• **Excerpts from a dataset**
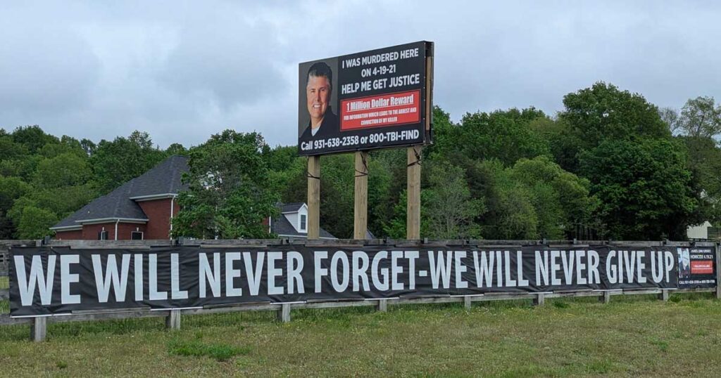 A billboard towers above a pasture fence in rural Tennessee, its message blunt and unflinching: “I WAS MURDERED HERE ON 4-19-21. HELP ME GET JUSTICE.”
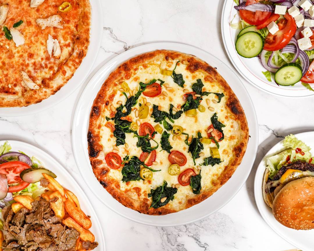 Alle Salate werden mit Eisbergsalat, Tomaten, Zwiebeln, Gurken, Mais, Pilzen, Paprika, Feta und Dönersauce und einen Schärfegrad deiner Wahl zubereitung und dazu frisch gebackenes Brot serviert.Pizza
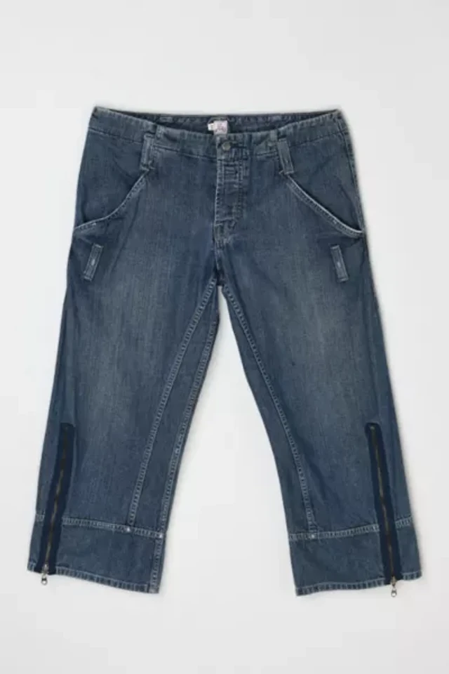 Button Front High Rise Kick Crop Jeans Mid Vintage Wash
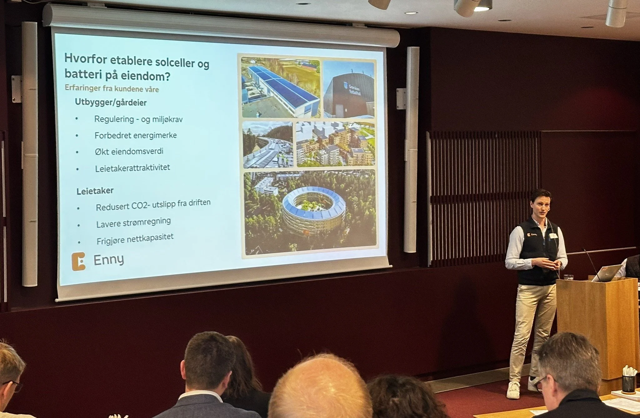 Denne uken deltok Enny med Ludvig Danielson på fagdag om bedre rammevilkår for energideling for næring i Norge, arrangert av Fornybar Utvikling. Dagen samlet aktører fra hele verdikjeden og hadde særlig fokus på delingsordningen – et sentralt virkemiddel for å få mer lokal, fornybar energi i bruk.
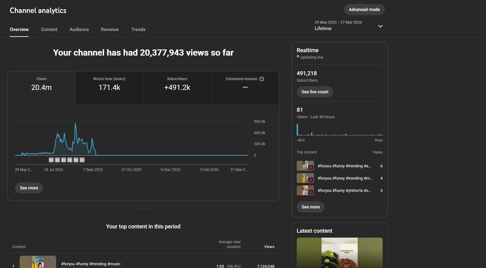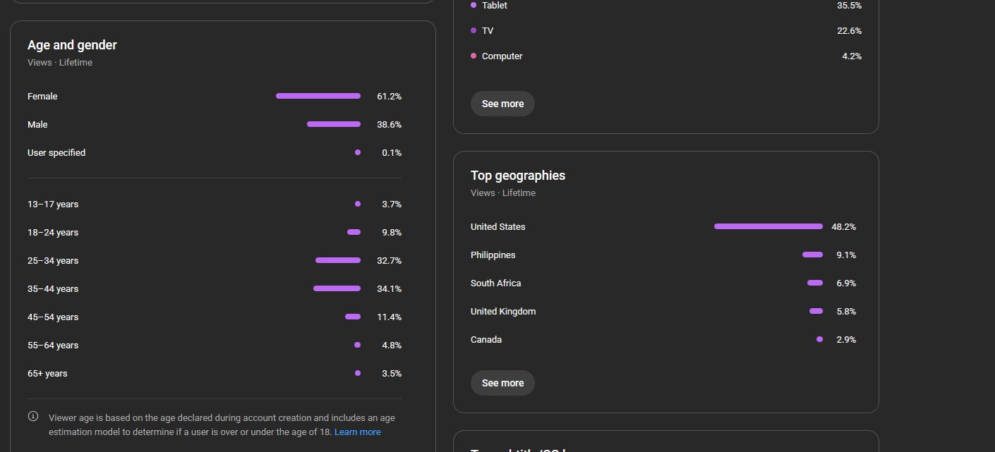 1- Channel have got 490k Subs in total. USA/UK 50%+.
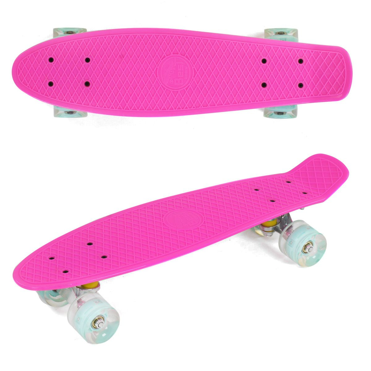 Пенни Борд со светящимися колёсами. Легкая дека сделана из прочного формованного пластика. Имеет противоскользящую поверхность. Длинна деки - 55 см, ширина - 14,5 см. Колёса PU, со светом, d=6 см. Подвески: алюминий. Максимальная нагрузка 70-80 кг.
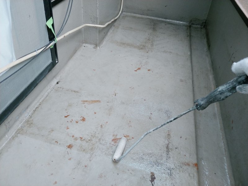 ベランダ床防水トップ塗装 プライマー塗布及びトップコート塗装。
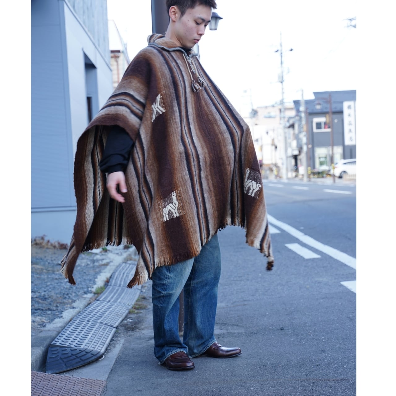 温かみのある表情が魅力の、ヴィンテージアルパカポンチョです。

• **Task details**
Word for word, retype the lines from the one that contains "Пенни Борд со" through the final line of the data, both ends included, excluding pictures.

• **Result for this exercise**
 Пенни Борд со светящимися колёсами. Легкая дека сделана из прочного формованного пластика. Имеет противоскользящую поверхность. Длинна деки - 55 см, ширина - 14,5 см. Колёса PU, со светом, d=6 см. Подвески: алюминий. Максимальная нагрузка 70-80 кг.
 ベランダ床防水トップ塗装 プライマー塗布及びトップコート塗装。
 温かみのある表情が魅力の、ヴィンテージアルパカポンチョです。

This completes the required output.